Single-cell proteomics (SCP) is enabling researchers to understand cancer progression, immune response, developmental pathways, and more all at the cellular level. Historically, SCP has represented a considerable challenge for researchers due to low amounts of proteins within a single cell and the limited sensitivity of mass spectrometry instruments. These hurdles, along with others such as ion signal suppression, sufficiently efficient data acquisition methods, and variability in sample preparation can obfuscate data and limit discoveries.
In response, researchers from the Broad Institute of MIT and Harvard have developed the proteoCHIP EVO 96, which is poised to bridge the gap. The proteoCHIP EVO 96 workflow, recently published in Nature Communications, relies on several cutting-edge technologies to automate key steps in SCP sample preparation and analysis with hopes of improving reproducibility, reducing variability, and increasing throughput.
ProteoCHIP EVO 96
The proteoCHIP EVO 96 itself is a micromachined PTFE (polytetrafluoroethylene) chip specifically designed to combat protein loss. Traditional workflows involve transferring samples between containers multiple times. These transfers can result in losses as proteins adsorb to the walls of each container used.

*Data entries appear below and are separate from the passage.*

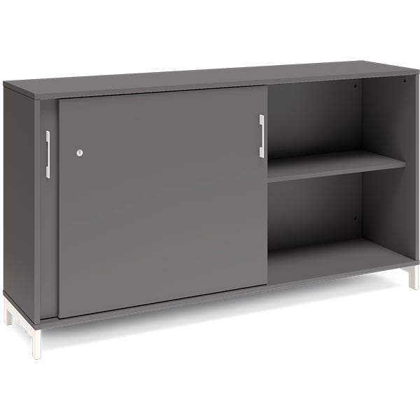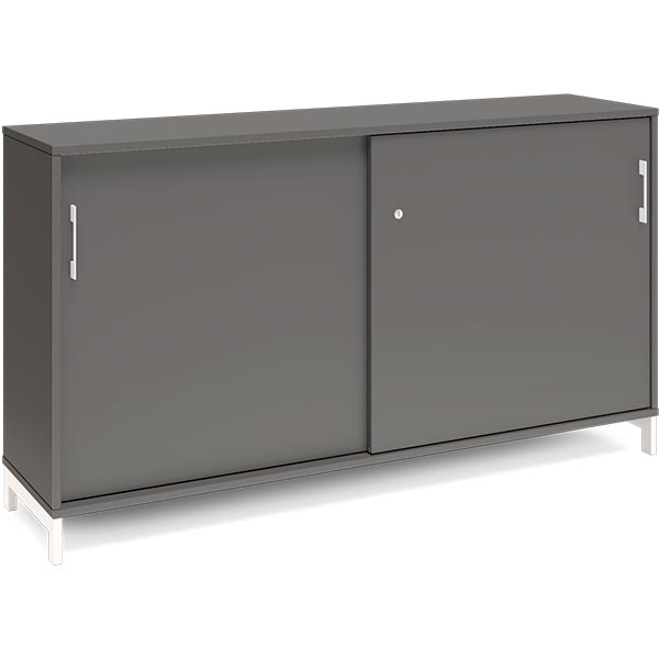 2A4 kontorskab i kontormøbelserien DNA, med 2A4 skydedør, udvendig bredde x dybde x højde, 1600 x 400 x 890 mm, inkl. understel. Dette kontorskab leveres med antracit laminat kabinet i kombination med antracit laminat døre og på et flot hvidt understel, miljørigtig pulverlakeret.Specifikationer: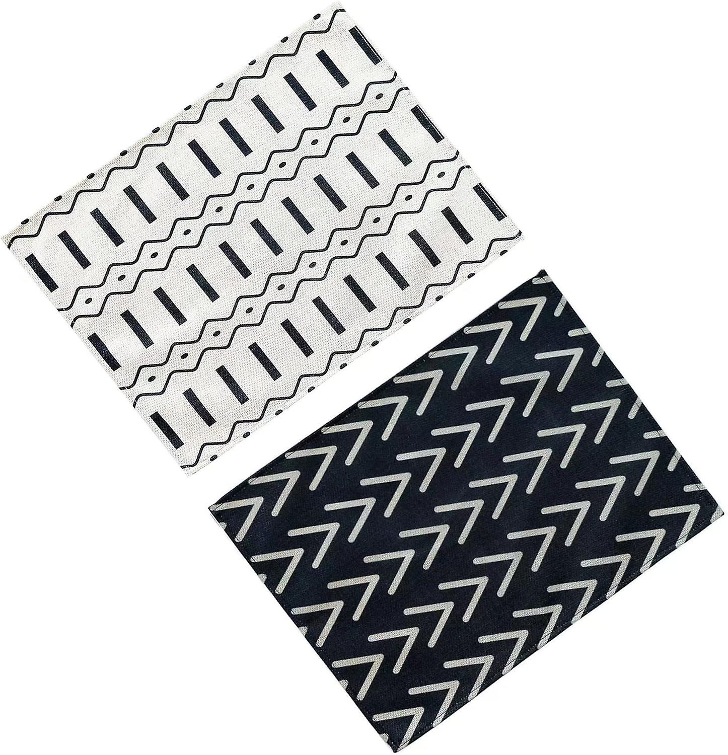 2pcs Black And White Theme Linen Placemat - Non-slip Heat-resistant Washable Placemat For The Kitchen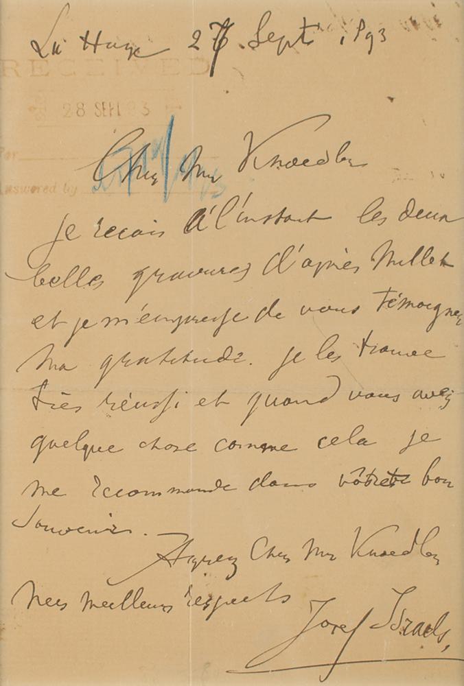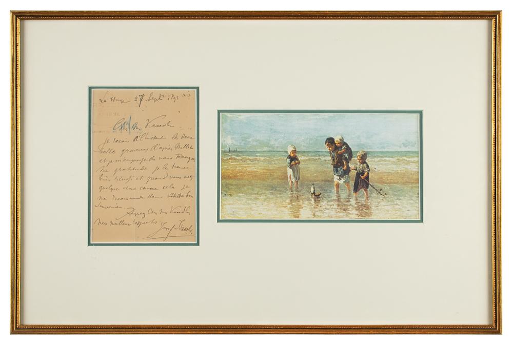 Dutch painter (1824-1911) who was a leading member of the group of landscape painters referred to as the Hague School and, during his lifetime, was deemed 'the most respected Dutch artist of the second half of the nineteenth century.' Rare untranslated ALS in French, one page, 4.25 x 6.25, September 27, 1893. A handwritten letter addressed from the Hague. Nicely double-matted and framed with a color reproduction of Israels' 1972 painting Les Enfants de la Mer (Children of the Sea) to an overall size of 20.5 x 30.5; frame backing bears three Goodspeed's Book Shop labels. In fine condition.

The proteoCHIP ensures that proteins remain within the same nanowells throughout the entire preparation process by employing a 'one-pot' sample preparation method. All sample preparation steps, including cell lysis, protein digestion, and peptide cleanup, are conducted in the same nanowell.
CellenONE
The one-pot method is enabled by cellenONE, an automated dispensing robot responsible for populating the 96 nanowells of the proteoCHIP EVO 96. It delivers individual cells, dispenses reagents, such as detergents for cell lysis and proteases for protein digestion, and ensures consistent hydration and mixing throughout.
After the proteins are digested in the proteoCHIP EVO 96, the chip is inverted for direct transfer to disposable trap columns for liquid chromatography via the Evosep One. The group found that introducing just one manual sample transfer step at this stage of the workflow (manually pipetting samples from nanowells to disposable trap columns) reduces total protein identifications by up to 29%.
Bruker timsTOF Ultra
The peptides are chromatographically separated and directly analyzed by the timsTOF Ultra mass spectrometer, equipped with Trapped Ion Mobility Spectrometry (TIMS) technology. TIMS separates ions based on their shape followed by size selection in the quadrupole before they reach the mass analyzer, which increases the overall ion utilization and enhances the detection of low-abundance proteins.
In addition the team employs Data-Independent Acquisition (DIA). While Data-Dependent Acquisition (DDA), can miss lower-abundance peptides in some samples due to the stochastic selection of precursor ions, DIA ensures that all ions within a predefined mass range are fragmented and analyzed in each sample.